Today I have Hannah Capin on the blog to talk about her new book, out next Tuesday, called Foul Is Fair. I reviewed it a while back, so if you're looking for a recap or to learn more about the book, you can find that here. I also ask questions about her last book Dead Queen's Club and you can find that review here. Beyond that, enjoy my interview with Hannah! 

1) Your book has a very interesting tone. Jade's emotional state at the start of the book really comes out in the tone and the way Jade tells her story. Did that voice come to you from the start or was it something you had to cultivate?
The voice is usually the first thing that comes to me when I’m working on a new project, and FOUL IS FAIR was no exception! The very first bit I wrote wasn’t an outline or a character sketch: it was a scene, written in full, and it started with the line “Sweet sixteen is when the claws come out.” That’s still the first line of the book, and in fact the entire first chapter is almost unchanged from the scene I wrote late one evening in a coffee shop.
2) Both of your books revolve around murder, but they always have a twist and a deep layer of revenge with them.
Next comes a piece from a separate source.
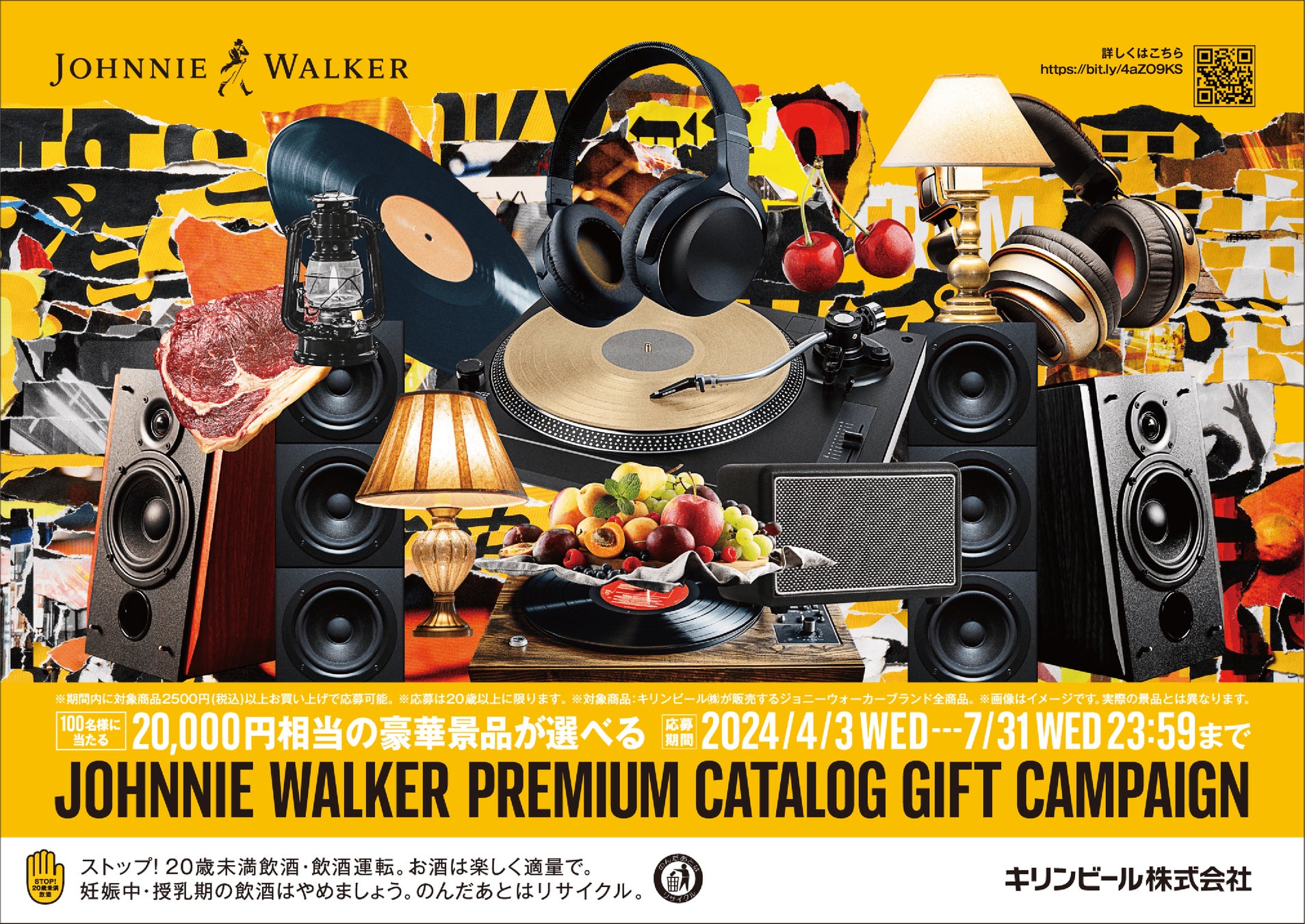 ジョニーウォーカーの世界観を体現した数々のギフトを、歩みを止めない“KEEP WALKING”な方々へ届けるために、音楽、アート、フード、インテリアなど豪華アイテムがもらえるプレミアムカタログギフトを、抽選で100名様にプレゼントするキャンペーンを実施します。

Would you ever consider writing a more straightforward murder mystery or thriller, or are these elements just things that sneak into the other story ideas you have?
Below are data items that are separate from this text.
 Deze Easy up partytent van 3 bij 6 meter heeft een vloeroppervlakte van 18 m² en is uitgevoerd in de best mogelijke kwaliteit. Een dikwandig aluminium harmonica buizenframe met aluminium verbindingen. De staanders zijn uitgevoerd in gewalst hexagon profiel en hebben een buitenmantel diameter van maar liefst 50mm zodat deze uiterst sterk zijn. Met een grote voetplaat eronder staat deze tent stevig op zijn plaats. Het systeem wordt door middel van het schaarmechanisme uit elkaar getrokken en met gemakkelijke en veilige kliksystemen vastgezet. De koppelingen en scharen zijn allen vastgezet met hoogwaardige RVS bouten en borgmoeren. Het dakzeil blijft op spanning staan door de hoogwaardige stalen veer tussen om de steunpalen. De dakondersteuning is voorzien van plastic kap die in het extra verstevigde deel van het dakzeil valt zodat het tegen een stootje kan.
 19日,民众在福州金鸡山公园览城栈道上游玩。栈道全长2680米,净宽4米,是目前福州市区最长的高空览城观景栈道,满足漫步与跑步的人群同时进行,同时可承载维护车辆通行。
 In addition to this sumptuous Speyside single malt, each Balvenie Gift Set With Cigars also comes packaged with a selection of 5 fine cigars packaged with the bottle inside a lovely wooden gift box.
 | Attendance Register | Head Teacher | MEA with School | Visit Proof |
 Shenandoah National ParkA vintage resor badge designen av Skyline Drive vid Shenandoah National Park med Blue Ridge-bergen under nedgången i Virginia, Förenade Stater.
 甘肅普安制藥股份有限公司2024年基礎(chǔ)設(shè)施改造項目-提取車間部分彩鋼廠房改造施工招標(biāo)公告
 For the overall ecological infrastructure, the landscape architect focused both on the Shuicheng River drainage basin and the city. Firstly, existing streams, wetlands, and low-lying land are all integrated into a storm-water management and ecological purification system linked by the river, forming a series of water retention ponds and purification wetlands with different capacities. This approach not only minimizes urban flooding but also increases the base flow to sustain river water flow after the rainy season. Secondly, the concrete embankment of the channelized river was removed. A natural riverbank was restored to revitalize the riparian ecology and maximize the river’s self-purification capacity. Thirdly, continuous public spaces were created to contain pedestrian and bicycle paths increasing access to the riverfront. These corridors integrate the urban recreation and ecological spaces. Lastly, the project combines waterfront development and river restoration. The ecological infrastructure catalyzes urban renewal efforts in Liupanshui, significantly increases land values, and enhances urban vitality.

Never say never! I plan to write for the rest of my life, and I won’t limit myself to any genre. But revenge is a theme I love to explore—especially through other themes like sisterhood, power dynamics, and what it means to be a teenage girl.

3) I did want to ask you a question about Dead Queen's Club because I'm still obsessed with the idea of a modernized, high school King Henry VIII historical retelling. Where did that idea stem from? Were you a major European history fan or just intrigued by the story? Was it difficult to balance using pieces from the source material and taking your own liberties since your story is so distant from the history? Was it easier or more difficult to head into Foul Is Fair with a completely original story? 
I’ve been obsessed with the six wives, and especially Katheryn Howard, since I read a novel about Elizabeth I when I was in middle school. As an adult, having read a lot more about the Tudor era—from highly fictionalized books to dense biographies—my love for Katheryn Howard continued, and I found myself wanting to change the narrative about her. The rest of the wives have been more or less rehabilitated in the eyes of both academia and pop culture, but Katheryn Howard still gets written off as having “had it coming”—there’s a well-respected biographer who refers to her as “empty-headed” and a “wanton floozy.” She was a teenage girl flung into a situation in which she was doomed from the start, and every contemporary source suggests she took her role as queen very seriously and was also just a delightful, generous, earnest person. I set out writing THE DEAD QUEENS CLUB to challenge the narrative on Katheryn Howard and to deconstruct the cultural norms that allow us to keep slut-shaming and victim-blaming a teenage girl who was murdered 500 years ago.
In terms of balancing history and taking liberties, it was sometimes challenging since I didn’t want to leave anything out—but it was fun figuring out how to translate one world into another, and how to sneak nods to historical detail into the book without disrupting the narrative for readers who weren’t as familiar with the era. (For example, I fit all six queens’ mottos, as well as Henry VIII’s motto, into the text!)
Every book is different, and FOUL IS FAIR was definitely more straightforward from a plotting perspective. It’s also a much shorter book: it’s just under 80,000 words, while THE DEAD QUEENS CLUB is nearly 100,000—quite long for a YA contemporary.